Member of the Mississippi House of Representatives from the 29th district
- In office July 25, 2016 – November 3, 2021
- Succeeded by: Robert L. Sanders

Personal details
- Born: September 30, 1976 (age 49) Hollandale, Mississippi, U.S.
- Party: Democratic
- Education: University of Southern Mississippi (BBA) Mississippi State University (MBA, MS) Jackson State University (PhD)

= Abe M. Hudson Jr. =

American politician

Abe M. Hudson Jr. (born September 30, 1976) is an American politician who served as a member of the Mississippi House of Representatives for the 29th district from July 25, 2016 to 2021.

== Early life and education ==
Hudson was born in Hollandale, Mississippi and graduated from T.L. Weston High School. He earned a Bachelor of Business Administration in marketing from the University of Southern Mississippi, a Master of Business Administration and Master of Science from Mississippi State University, and a PhD in city, urban, and regional planning from Jackson State University.

== Career ==
Hudson worked as a visiting professor of business at Delta State University. Since 2002, he has owned a private consulting company.

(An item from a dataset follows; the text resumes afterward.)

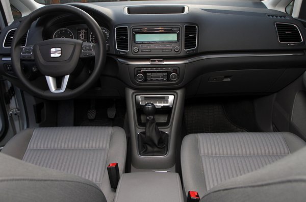 Miután az óvodások visszatértek a csattogós falepkékhez, a legóhoz és a babaházhoz, magam is bemásztam a hátsó ülésre, és úgy találtam, hogy Sanghajig talán nem ülnék itt szívesen, de Velencéig egyetlen zokszó nélkül kibírnám. Az Alhambra egyik nagy értéke egyébként is a kényelme és az utazási komfortja. A lábtér fejedelmi elöl és a középső sorban, és mint kiderült, hátul is elfogadható. A háromzónás automata légkondi szinte észrevétlenül, de hatásosan hűt-fűt, értelemszerűen a középen ülőknek is megvan a maguk kezelőpanelje, ahol a hőfokot és a befújás erősségét szabályozhatják. A hifi hangja nem kápráztat el, de nem is hallgathatatlan, jó átlagos darab. Viszont legalább van hozzá jack-aljzat, így rákapcsolhatjuk a saját médialejátszónkat, aminek tágas üreget alakítottak ki a középső könyöktámasz alatt. Ma már szinte alap, de azért felsorolom: elektromos mozgatásúak az oldalablakok és a külső tükrök, az automata világítást kanyarfénnyel is kiegészítették, az ablaktörlő vezérlése esőérzékelős, a B oszloptól hátrafelé az ablakok sötétítettek, a telefonunkat Bluetooth-kapcsolattal a hangrendszerbe integrálhatjuk, a hifi és a telefon vezérlése a volánon található gombcsoportokkal is megoldható. És hát ne feledkezzünk meg az egyik legpraktikusabb újításról, a két oldalsó tolóajtóról, melyekkel a legszűkebb parkolóhelyen is megoldható a ki-be szállás. Ha ideiglenesen furgon üzemmódba helyezzük a gépet, a hatalmas feltáruló nyílásokon át a pakolás is egyszerű.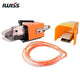 - 工具キット内容:①エアー式フェルール圧着機 AM 6-4、 ②エアーホース(フッ素樹脂製x2本)、 ③フットスイッチ

He was elected to the Mississippi House of Representatives in a special election and assumed office on July 25, 2016. In the 2020–2021 legislative session, Hudson served as vice chair of the House Ports, Harbors and Airports Committee.

Hudson announced his candidacy for the Mississippi State Senate District 11 seat, representing Desoto, Tate, Tunica, Quitman, and Coahoma counties, in June 2025.